Kim Woojun, Kang Soo Hwan, An Jae Young
Department of Neurology, Seoul St. Mary's Hospital, The Catholic University of Korea, Seoul, South Korea.
Department of Orthopedic Surgery, College of Medicine, St. Vincent's Hospital, The Catholic University of Korea, Seoul, South Korea.
Front Neurol. 2021 Sep 8;12:701571. doi: 10.3389/fneur.2021.701571. eCollection 2021.
Neuralgic amyotrophy (NA) is an acute, monophasic, painful inflammatory dysimmune focal, or multifocal mononeuropathy. The lesion in NA is not always restricted to the brachial plexus but also involves individual nerves or branches. The prognosis of NA is less favorable than previously assumed, but the reasons for poor recovery remain unknown. Nerve constriction may be one of the causes of poor prognosis in NA. Herein, we described a 54-year-old male with a history of type 2 diabetes in whom bilateral neuralgic amyotrophy developed with constriction of the posterior interosseous fascicle within the radial nerve. The patient experienced sudden-onset severe pain in both shoulders followed, 2 days later, by weakness in bilateral shoulders and the left forearm extensors over the subsequent month. The left forearm extensors were more severely affected than both shoulder girdle muscles. He noted a 7-kg weight loss for 1 month before pain onset. After diagnosing diabetic NA based on the clinical symptoms, imaging, and electrophysiological studies, treatment with systemic steroids improved pain and weakness in both shoulder muscles. Weakness in the left forearm extensors persisted after 1 month of steroid treatment. Follow-up ultrasound revealed constriction of the posterior interosseous fascicle within the main trunk of the left radial nerve at the elbow. Surgical exploration at 6 months after onset identified fascicle constriction, for which neurolysis was performed. Weakness in the extensors of the wrist and fingers did not improve during the 16-month follow-up. A single constriction of the fascicle within a peripheral nerve may often be under-recognized if NA presents with variable degrees of weakness in bilateral upper limbs. Furthermore, fascicular constriction without edema of the parent nerve may be easily missed on the initial ultrasound. A lack of early recognition of nerve constriction and delay in surgical intervention can result in unfavorable outcomes. The physician should consider the possibility of the fascicular constriction when evaluating patients suspected of brachial NA with significant weakness in the distal upper limb compared to the proximal weakness or weakness of the distal upper limb that does not improve over time.
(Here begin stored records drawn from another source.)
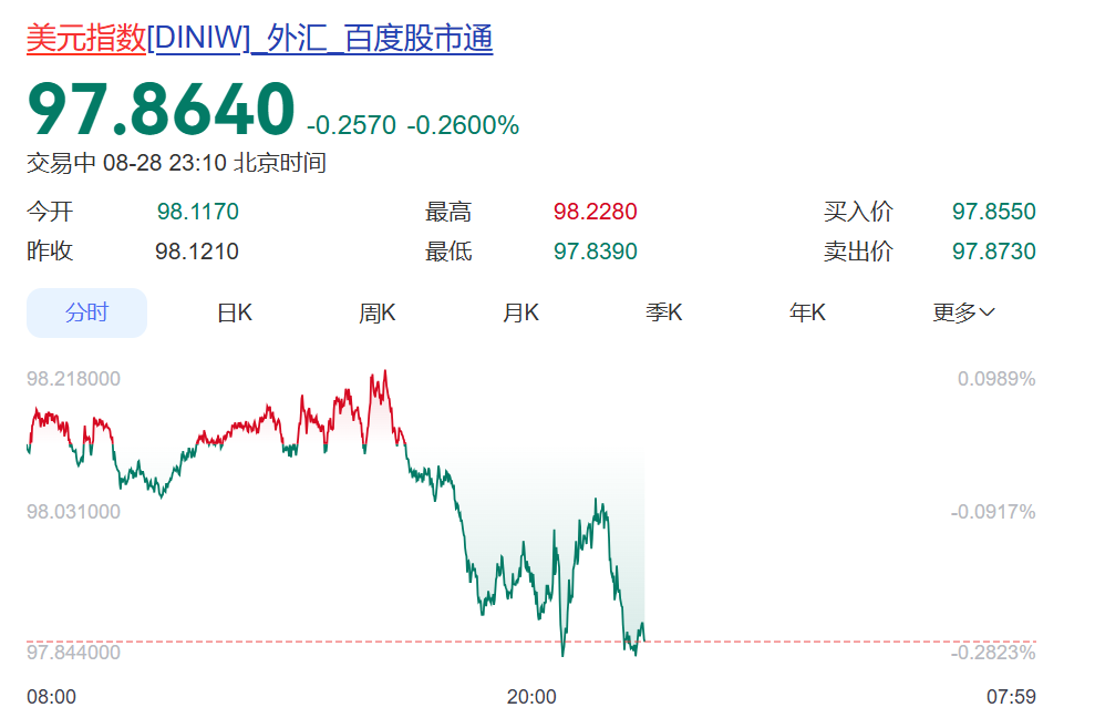 美元指数跳水,跌破98整数关口。
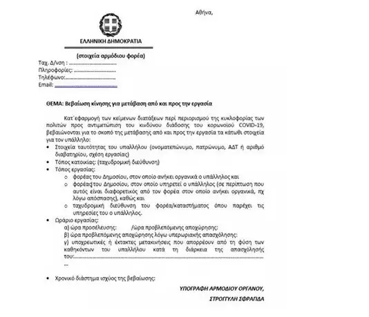 Ο υπάλληλος οφείλει να φέρει υποχρεωτικά μαζί του την αστυνομική του ταυτότητα ή διαβατήριο, καθώς και τη βεβαίωση κίνησης, σε έντυπη ή σε ηλεκτρονική μορφή.
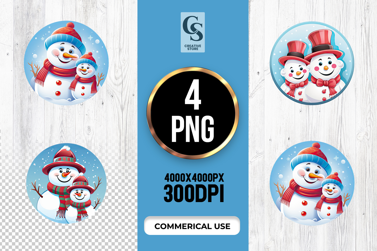 4 Cute Snowman Illustration Clipart Sublimation PNG Files Perfect for Greeting Cards, Invitations, Junk Journal, Party Decor, Scrapbooking and many other craft projects.

神经性肌萎缩(NA)是一种急性、单相、疼痛性炎症性免疫失调性局灶性或多灶性单神经病。NA的病变并不总是局限于臂丛神经,也可累及单根神经或分支。NA的预后比之前认为的要差,但恢复不佳的原因尚不清楚。神经受压可能是NA预后不良的原因之一。在此,我们描述了一名54岁的2型糖尿病男性患者,其双侧神经性肌萎缩伴桡神经骨间后束受压。患者双肩突然出现剧痛,2天后双侧肩部及左前臂伸肌出现无力,持续1个月。左前臂伸肌比双侧肩带肌受累更严重。他在疼痛发作前1个月体重减轻了7公斤。根据临床症状、影像学和电生理检查诊断为糖尿病性NA后,全身应用类固醇治疗改善了双侧肩部肌肉的疼痛和无力。类固醇治疗1个月后,左前臂伸肌仍无力。随访超声显示左桡神经主干在肘部的骨间后束受压。发病6个月后手术探查发现束支受压,进行了神经松解术。在16个月的随访中,腕部和手指伸肌的无力没有改善。如果NA表现为双侧上肢不同程度的无力,外周神经内单一束支的受压可能常常未被充分认识。此外,在最初的超声检查中,母神经无水肿的束支受压可能很容易被遗漏。缺乏对神经受压的早期识别和手术干预的延迟可能导致不良后果。在评估怀疑为臂丛NA且上肢远端无力明显重于近端无力或上肢远端无力随时间无改善的患者时,医生应考虑束支受压的可能性。